= Supplied data =
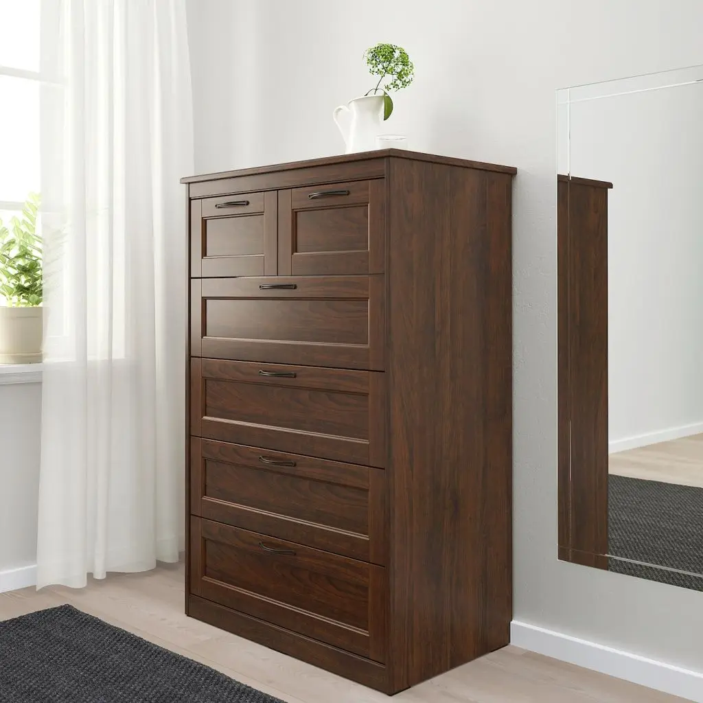 Ваш дом должен быть абсолютно безопасен для всей семьи. Именно поэтому крепеж безопасности для фиксации комода к стене прилагается.Чтобы ящики не выпадали при открывании, они оснащены специальным стопором.ВНИМАНИЕ! ОПАСНОСТЬ ОПРОКИДЫВАНИЯ! Незакрепленная мебель может опрокинуться. Эту мебель необходимо крепить к стене с помощью прилагаемого крепежа для предотвращения опрокидывания.Для различных материалов стен требуются различные крепежные средства. Используйте крепежные средства, подходящие для материала стен в вашем доме.В маленький ящик можно положить примерно 5 пар брюк или 10 футболок.Большой ящик вмещает около 15 пар брюк или 30 футболок в сложенном виде.Дизайнер
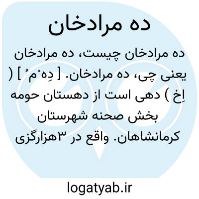 ده مرادخان. [ دِه ْم ُ ] ( اِخ ) دهی است از دهستان حومه بخش صحنه شهرستان کرمانشاهان. واقع در 3هزارگزی جنوب خاوری صحنه. سکنه آن 272 تن. آب آن از چشمه و سراب بیدسرخ. راه فرعی به شوسه دارد. ( از فرهنگ جغرافیایی ایران ج 5 ).
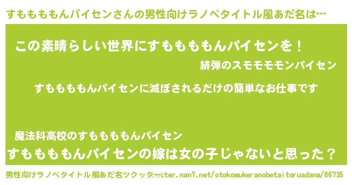 | 意味不明あだ名 | 『住所不定無職すももももんパイセン(62歳)』 |
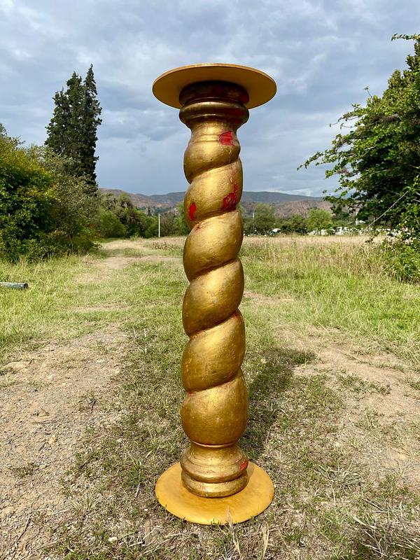 Columna de mediados del S XIX, tallada en madera de forma retorcida, este estilo de columnas se llaman Salomónico, porque imitan a las columnas helicoidales del templo de Salomón, simbolismo utilizado en la decoración de altares de iglesias coloniales en América desde del S XVI hasta el S XIX
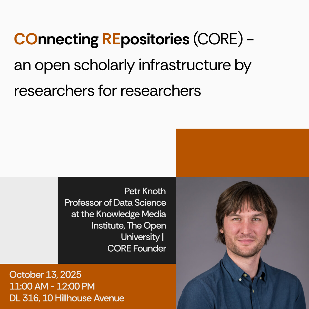 We’re pleased to share that Professor Petr Knoth, Founder and Head of CORE (core.ac.uk) and Professor of Data Science at The Open University’s Knowledge Media Institute, will be giving a Computer Science Talk at Yale University on 13 October 2025.
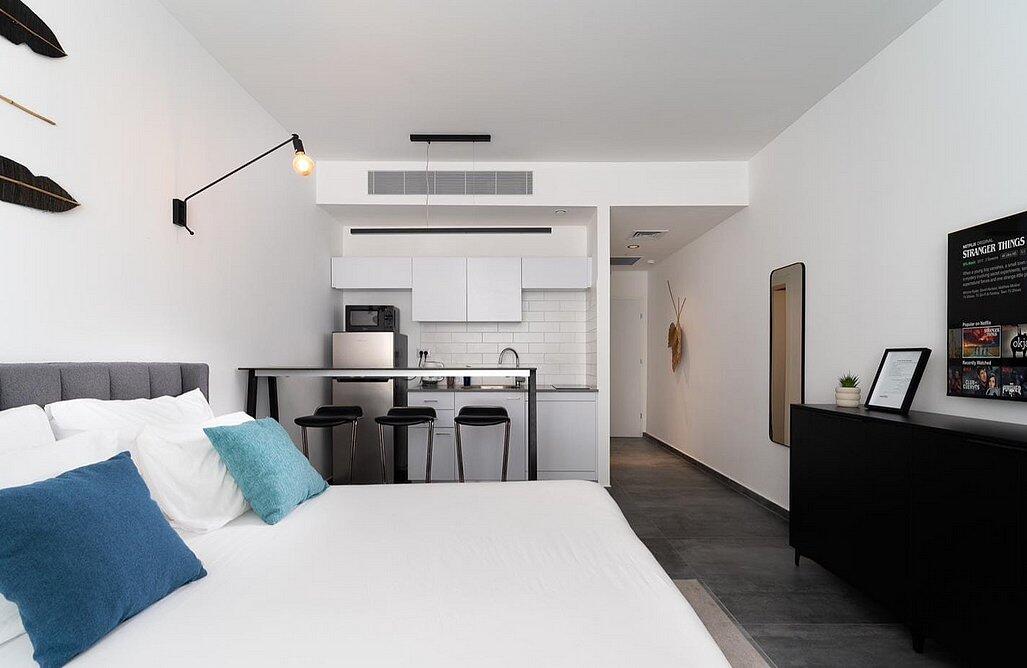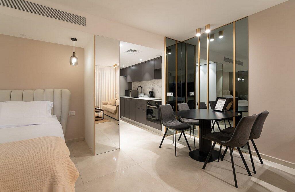 הסוויטות מאובזרות במלואן, כולל חדר שינה מפנק, מטבחון, חדר רחצה פרטי, לובי מרכזי מרווח וממוזג.
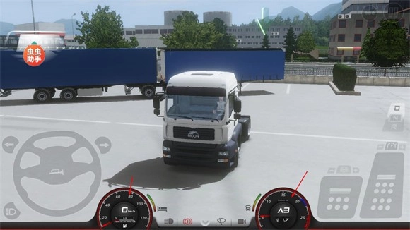 3、关闭制动器后点击最右边的油门按钮让卡车前进,点击按钮的位置越高速度越快。油门旁边的是刹车按钮,使用方法和油门一样。

= What the task asks =
Everything from the line with "Columna de mediados" down to the line with "הסוויטות מאובזרות במלואן, כולל" in the data above should be copied exactly, with both end lines kept and the pictures left out.

= Exercise response =
 Columna de mediados del S XIX, tallada en madera de forma retorcida, este estilo de columnas se llaman Salomónico, porque imitan a las columnas helicoidales del templo de Salomón, simbolismo utilizado en la decoración de altares de iglesias coloniales en América desde del S XVI hasta el S XIX
 We’re pleased to share that Professor Petr Knoth, Founder and Head of CORE (core.ac.uk) and Professor of Data Science at The Open University’s Knowledge Media Institute, will be giving a Computer Science Talk at Yale University on 13 October 2025.
 הסוויטות מאובזרות במלואן, כולל חדר שינה מפנק, מטבחון, חדר רחצה פרטי, לובי מרכזי מרווח וממוזג.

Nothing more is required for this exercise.